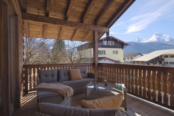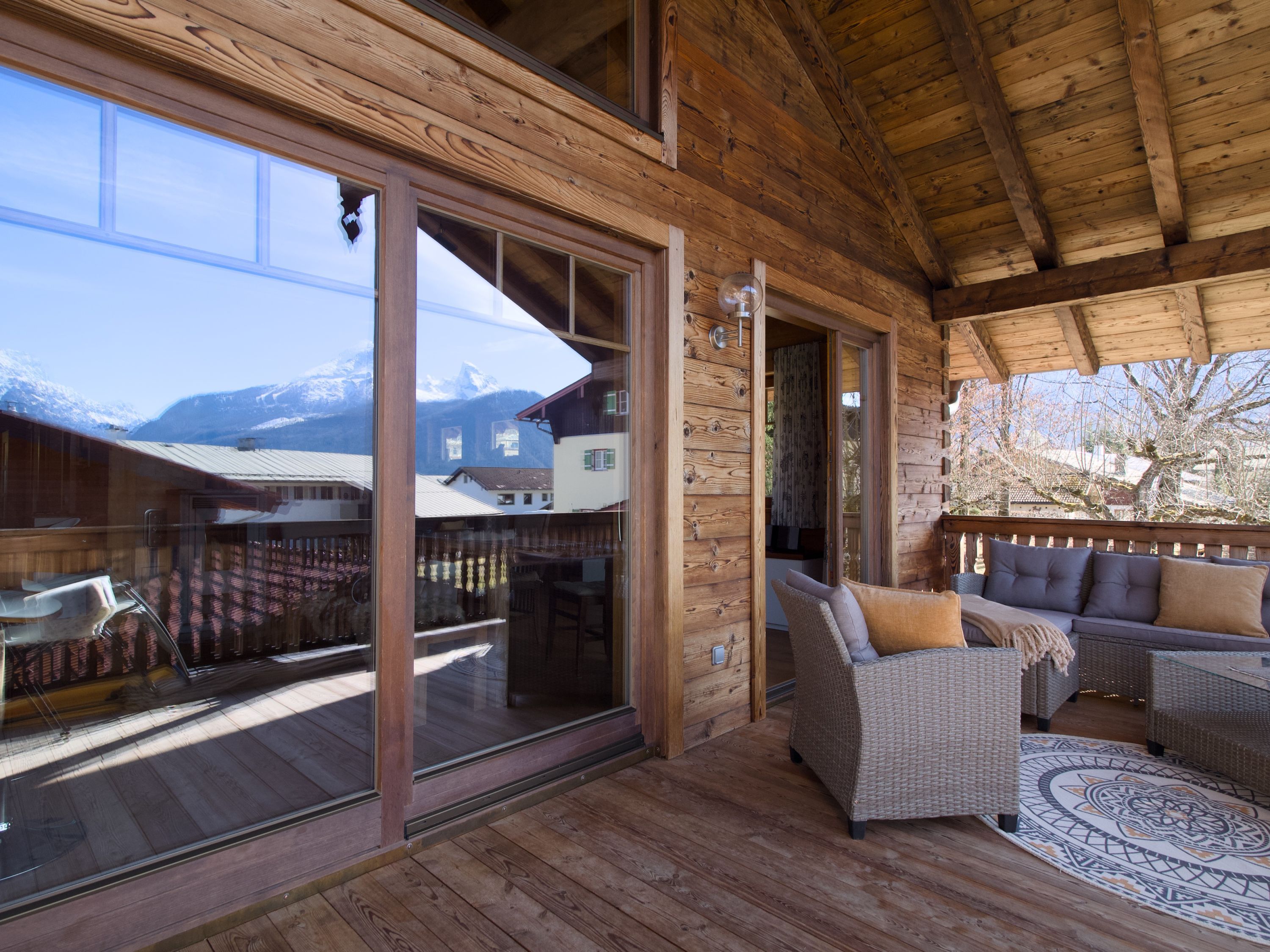 Große Terrasse mit traumhaftem Watzmannblick ein Lieblingsplatz, um den Tag mit einem Frühstück in der Morgensonne oder einem Glas Wein am Abend ausklingen zu lassen
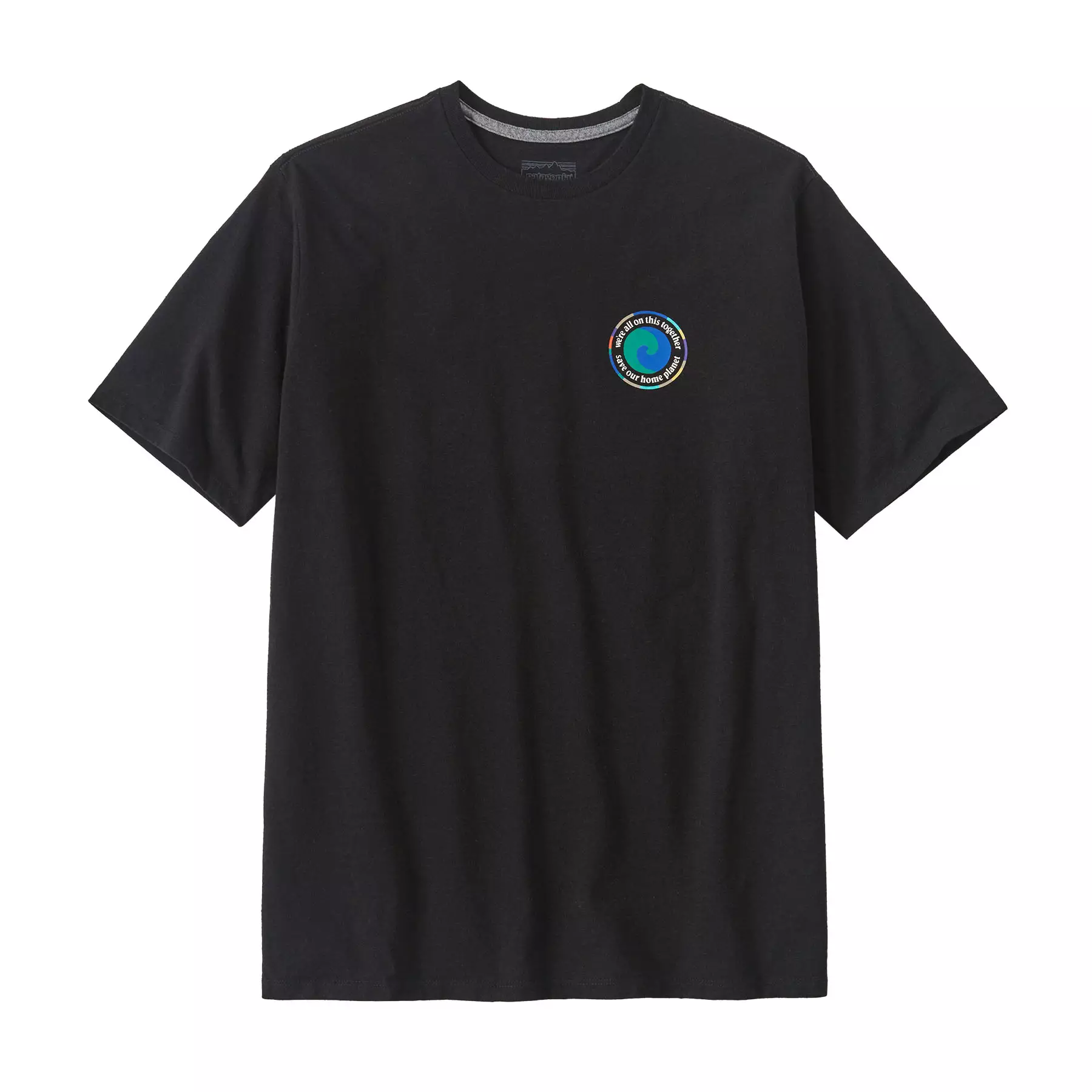 Patagonia Ms Unity Fitz RespT INBK – Herren-T-Shirt, das zu 100 % aus recyceltem Material hergestellt ist. Dieses T-Shirt wurde mit Blick auf Komfort und Haltbarkeit entworfen und zeigt einen stilisierten Globus mit den Botschaften "we're all on this together" und "save our home planet".
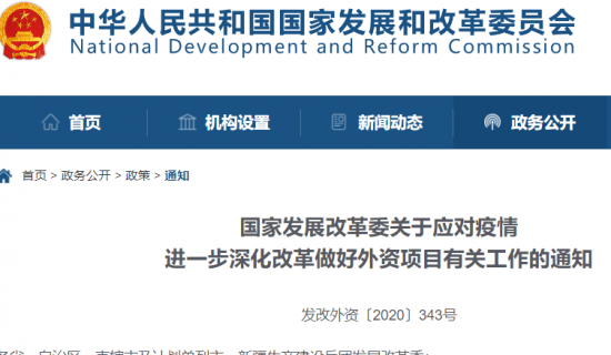 国家发展改革委关于应对疫情进一步深化改革做好外资项目有关工作的通知
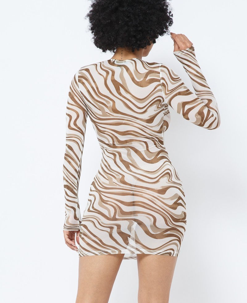 Make a bold statement with our Printed Mesh Dress in Mocha. Add it to your cart now and experience the perfect blend of fashion and comfort!
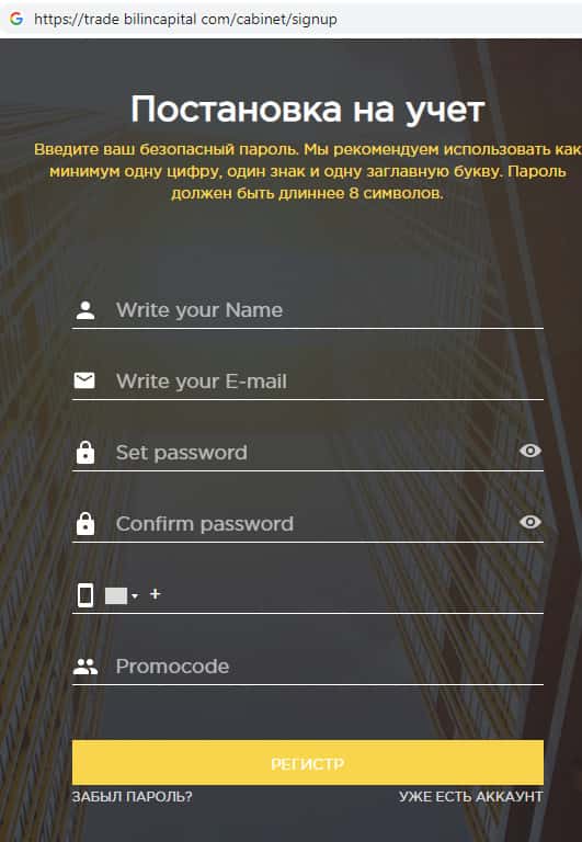 Скам-организация Билин Капитал ведет сбор данных о клиенте на своем фальшивом сайте
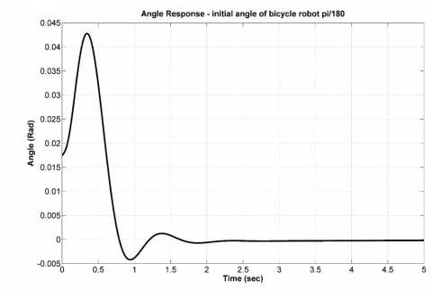 With the initial tilt angle of the robot being pi/180 rad, after 4 oscillations, the bicycle robot balance control system has brought the robot back to the equilibrium position (the robot's tilt angle is equal 0).

= = = =

• **About this exercise**
Give back, exactly and without pictures, the stretch of the records above from the line containing "Patagonia Ms Unity" through the line containing "Скам-организация Билин Капитал", with both end lines included.

• **Exercise result**
 Patagonia Ms Unity Fitz RespT INBK – Herren-T-Shirt, das zu 100 % aus recyceltem Material hergestellt ist. Dieses T-Shirt wurde mit Blick auf Komfort und Haltbarkeit entworfen und zeigt einen stilisierten Globus mit den Botschaften "we're all on this together" und "save our home planet".
 国家发展改革委关于应对疫情进一步深化改革做好外资项目有关工作的通知
 Make a bold statement with our Printed Mesh Dress in Mocha. Add it to your cart now and experience the perfect blend of fashion and comfort!
 Скам-организация Билин Капитал ведет сбор данных о клиенте на своем фальшивом сайте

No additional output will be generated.